Let’s assume we want to approximate a point cloud with a second degree polynomial : $y(x)=ax^2+bx+c$.

The point cloud is given by $n$ points with coordinates ${x_i,y_i}$. The aim is to estimate $\hat{a}$, $\hat{b}$ and $\hat{c}$ where $y(x)=\hat{a}x^2+\hat{b}x + \hat{c}$ will fit the point cloud as mush as possible.

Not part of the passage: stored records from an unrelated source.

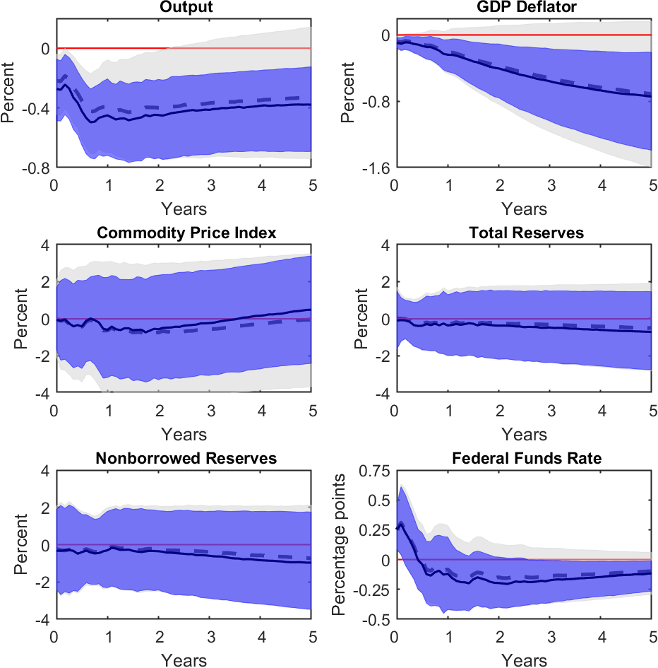 Figure 1. IRFs to a contractionary monetary policy shock. The lighter area uses only the sign restriction, while the darker area adds the correlation restriction.
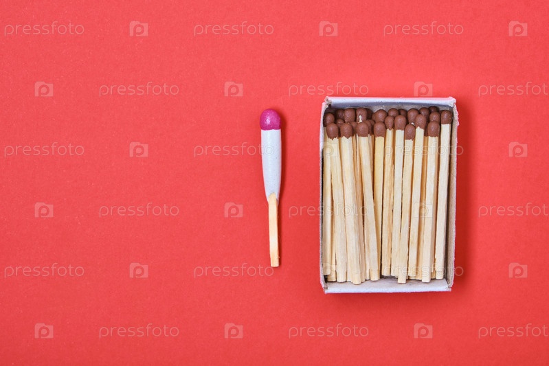 Охота на водонепроницаемые спички и бумажную коробку с простыми спичками на красном фоне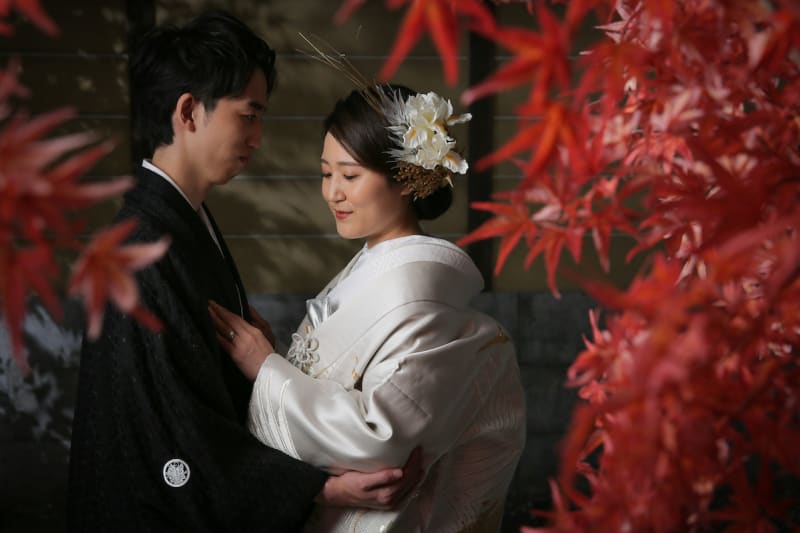 新宿店の本格的な茶室スタジオで撮影する、和装の結婚写真

We want to minimize for each point $x_i$ the difference between $y_i$ and $y(x_i)$, ie. we want to minimize $\sum\limits_{i=1}^n{(y_i-y(x_i))^2}$. The matrix form of the system is given by:

$\left[ \begin{matrix} {x_1}^2 & x_1 & 1 \\{x_2}^2 & x_2 & 1 \\... & ... & ... \\{x_n}^2 & x_n & 1 \\\end{matrix} \right].\left[ \begin{matrix} \hat{a} \\\hat{b} \\\hat{c} \end{matrix} \right]=\left[ \begin{matrix} y_1 \\y_2 \\... \\y_n \\\end{matrix} \right]$

Let’s define $A$, $B$ and $\hat{x}$:

$\begin{matrix} A=\left[ \begin{matrix} {x_1}^2 & x_1 & 1 \\{x_2}^2 & x_2 & 1 \\... & ... & ... \\{x_n}^2 & x_n & 1 \\\end{matrix} \right] & B=\left[ \begin{matrix} y_1 \\y_2 \\... \\y_n \\\end{matrix} \right]&\hat{x}=\left[ \begin{matrix} \hat{a} \\ \hat{b} \\ \hat{c} \end{matrix} \right] \end{matrix}$

The system is now given by:

$A.\hat{x}=B$

The optimal solution is given by:

$\hat{x}=A^{+}.B = A^{T}(A.A^{T})^{-1}.B$

Where $A^{+}$ is the pseudoinverse of $A$ given by $A^{+}=A^{T}(A.A^{T})^{-1}$.